Something suddenly dawned on her. “You’re expecting someone else to come out here. The one from the Building.”

“It’s a thought,” he said. “You and Todd make your rounds and then get back here undercover.”

 

 

 

SEVENTY–THREE

 

Minoru moved from the Hay-Adams downtown to a Holiday Inn Express just off the interstate outside of Rockville. It was about five miles from the CIA’s safe house, and making it out to Dulles afterward would be simple. Lavrov showed up with a small duffle bag, and some equipment in a panel van just before seven in the evening.

“My operators will be here in a couple of hours,” he said. “Have you spoken to the colonel about my request for more money?”

“He’s agreed to pay whatever you want, provided you and your people do the job and get out clean.”

“What guarantee do I have that you even called him?”

“None,” Minoru replied. “Now come look at the images I took from the air, and tell me about your men so that we can devise a plan that will work.”

The camera was a good one with a large LCD screen, and the ability to pan left or right and up or down and to zoom in for more detail.

The four men coming from New York worked for the Russian mafia out of Brighton Beach and Newark as enforcers. Whenever Lavrov needed some muscle to convince a business client to see things his way he called on one or more of them.

“They’re reliable and damned good,” he said.

“Do they trust you?”

“Completely.”

“Too bad for them,” Minoru said. He had spotted a narrow dirt track about two hundred meters from the driveway and had taken several pictures of it and the terrain above the house. He brought the images up on the screen one at a time. “We’ll get off the highway
here, and come by foot from the hills behind the house once it gets dark.”

“Why not wait until just before dawn, they might be sleeping by then?”

“Because that’s what they’ll be expecting,” Minoru told him patiently. “If we hit them in the early evening, chances are no one will suspect that anything has happened until the next morning.

“Fair enough,” Lavrov said.

“What equipment did you bring?”

“AK-47s. It’s old stuff, plus night vision oculars, and encrypted earpieces. My people will be carrying their own pistols.”

“What did you bring for you and me?” Minuro asked.

Lavrov opened the duffle bag and pulled out a 9 mm Beretta 92F, two extra fifteen-round box magazines, and a Kevlar silencer. He laid all of it on the desk. “I have the same. For afterward. I figure that the house is far enough off the road that no one will hear the AKs. But when the job is done and we start the second phase it wouldn’t do to make too much noise.”

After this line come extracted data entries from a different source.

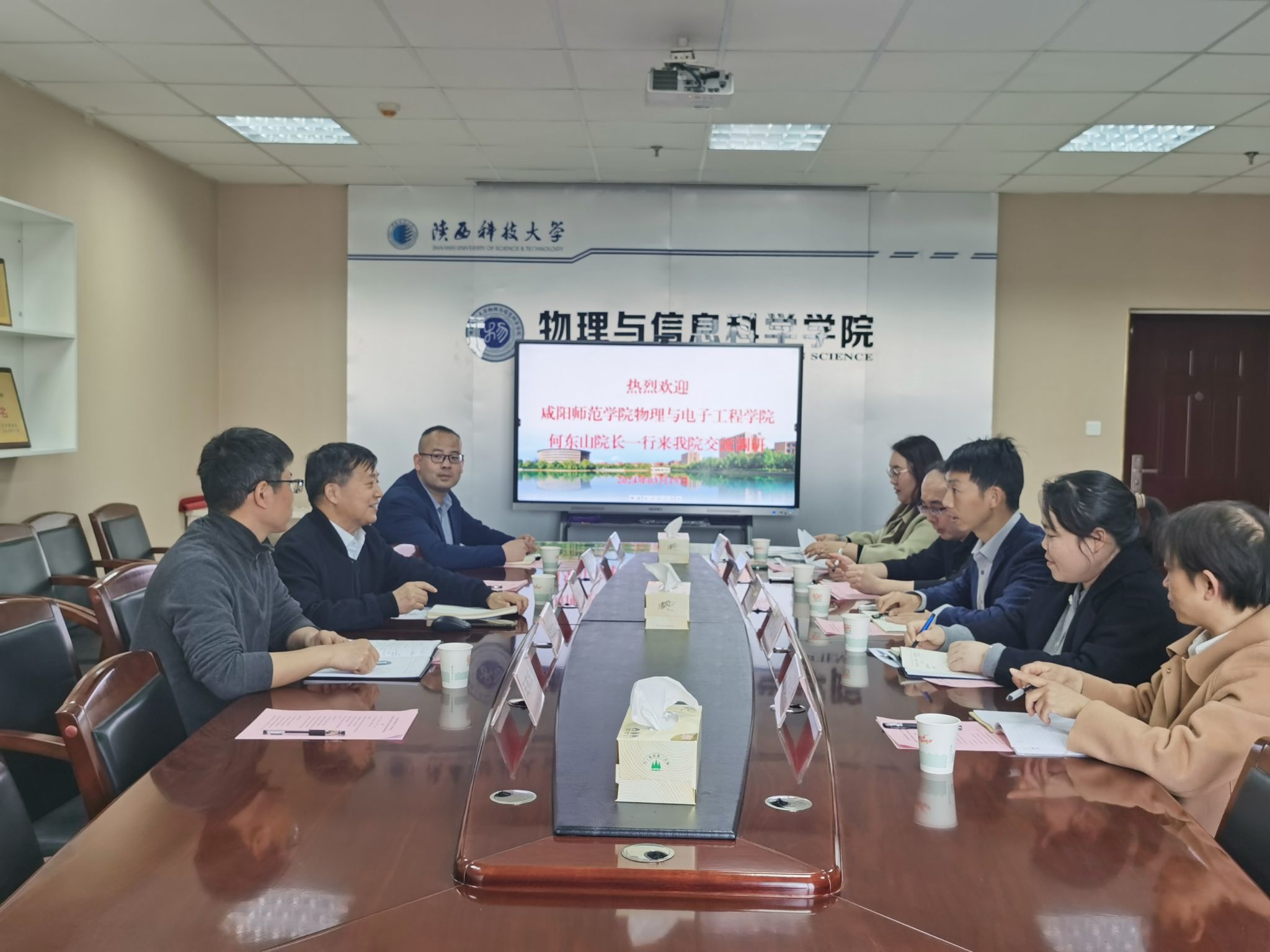 座談會(huì)上,何東山介紹了咸陽(yáng)師范學(xué)院物理學(xué)專業(yè)的發(fā)展歷史和此次調(diào)研交流目的。他表示,希望通過(guò)交流訪問(wèn),在專業(yè)建設(shè)、本科教學(xué)及研究生培養(yǎng)等方面加強(qiáng)與陜西科技大學(xué)物理與信息科學(xué)學(xué)院合作。劉建科代表學(xué)院對(duì)何東山一行來(lái)訪表示熱烈歡迎,并介紹了我?!叭齽?chuàng)兩遷”辦學(xué)歷史及近年來(lái)學(xué)校在師資隊(duì)伍建設(shè)、學(xué)科建設(shè)、科學(xué)研究、教育教學(xué)、人才培養(yǎng)等方面發(fā)展情況以及物理學(xué)院的基本情況。與會(huì)人員圍繞課程教學(xué)、學(xué)生科技競(jìng)賽、考研就業(yè)、科研合作、實(shí)驗(yàn)室建設(shè)等工作進(jìn)行了深入探討和互動(dòng)交流。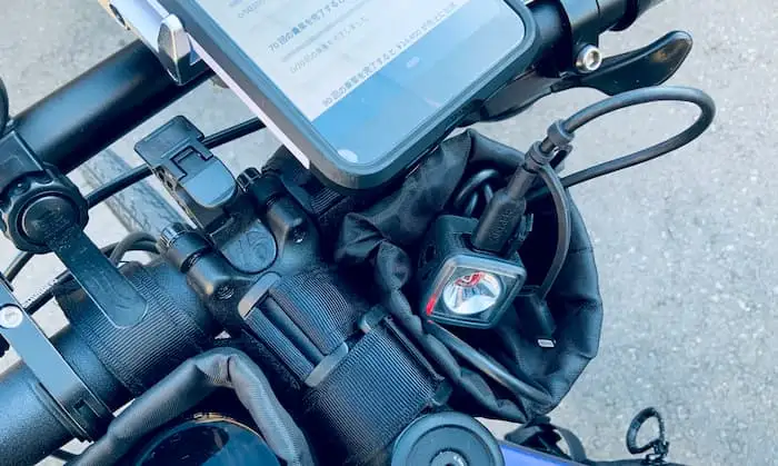 ハンドルバッグ2個着けたりでハンドル周りにスペースがない。なので延長ブラケットにスマホとフロントライトを着けることにした。あ~スッキリ。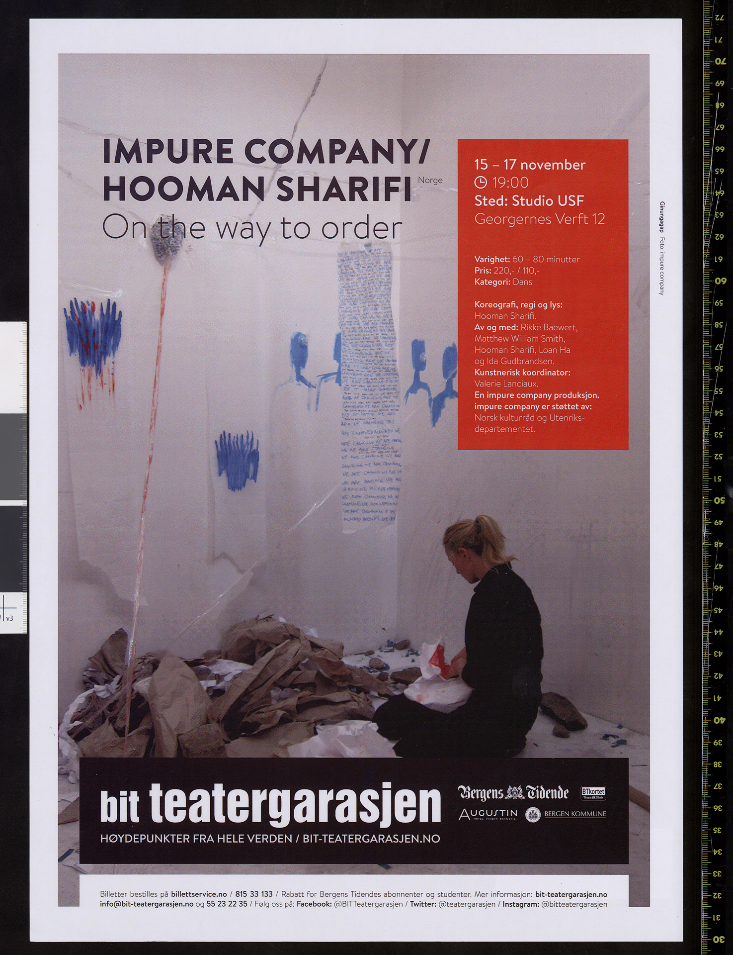 Plakat for Impure Companys produksjon On the way to order (2013). Plakaten er fra spillingen på BIT Teatergarasjen i Bergen i november 2013.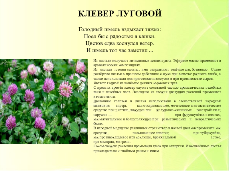 С древних времён клевер служит составной частью ароматических целебных ванн и лечебных чаев. Эссенцию из свежих цветущих растений применяют в гомеопатии.

“You’ve thought of everything,” Minoru said, handling the reliable Italian-made pistol.

“I always try to be thorough.”

Minoru looked up and smiled. “Alexandar said as much.” He picked up the camera and studied the image of the hillside above the house. “Your four operators will take the house from the rear once you and I have made our way around to the front. They’ll go in first with a lot of noise—”

“While we wait in ambush to see what develops,” Lavrov finished it. “But won’t they call for help?”

“Not until it’s too late. Alexandar thinks that they know someone’s coming. It’s why McGarvey’s alone out there with the woman. He’s hoping to spring his own trap. But like I said earlier, there’s a possibility we’ll have help from inside.”

Lavrov was worried. “The bastard’s got a hell of a reputation.”

“Not against six of us,” Minoru said. “And we’ll have another advantage. He’ll want to keep at least one of us alive, while we won’t have the same consideration.”

Lavrov grinned for the first time. “It’s you who’s thought of everything.”